▶ [Exercise]:
Word for word, copy the data that follows and skip its pictures.

━━ Information shown

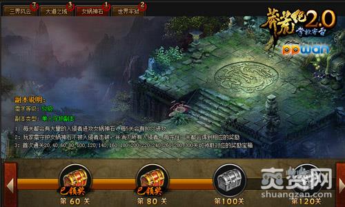 女娲神石在ppwan《莽荒纪》中属于单人守护副本,只要达到52级就可以参加。在女娲神石副本中,共有300关等着玩家守护,每关都会有大量的入侵者进攻女娲神石,每5关将会出现一大BOSS进攻。玩家的主要任务就是守护女娲神石不被入侵者击破,并且消灭所有的入侵者,每守住一关都会获得相应的奖励!此外,玩家首次通关20、40、60、80、……、300关时,还可以领取对于的奖励宝箱哦!
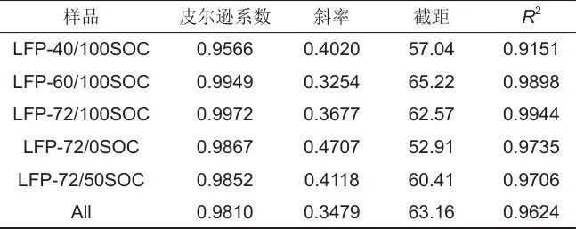 表4 LFP電池樣品SOH與特征峰強(qiáng)相關(guān)性擬合結(jié)果
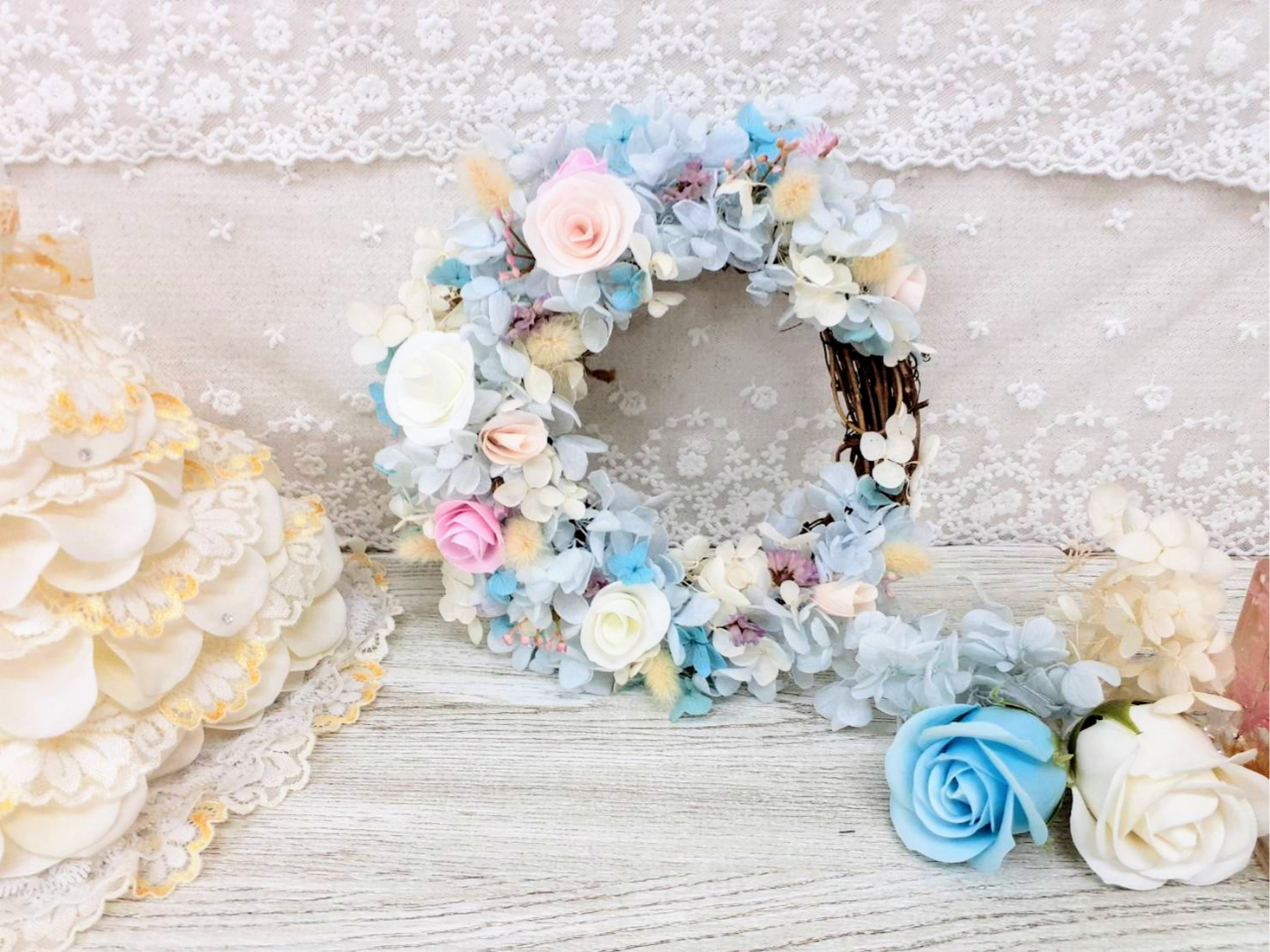 デパートやお花屋さんで見るあのふわふわリースを自分の感性で形にしましょう。

━━━━

▶ [Answer for the task]:
 女娲神石在ppwan《莽荒纪》中属于单人守护副本,只要达到52级就可以参加。在女娲神石副本中,共有300关等着玩家守护,每关都会有大量的入侵者进攻女娲神石,每5关将会出现一大BOSS进攻。玩家的主要任务就是守护女娲神石不被入侵者击破,并且消灭所有的入侵者,每守住一关都会获得相应的奖励!此外,玩家首次通关20、40、60、80、……、300关时,还可以领取对于的奖励宝箱哦!
 表4 LFP電池樣品SOH與特征峰強(qiáng)相關(guān)性擬合結(jié)果
 デパートやお花屋さんで見るあのふわふわリースを自分の感性で形にしましょう。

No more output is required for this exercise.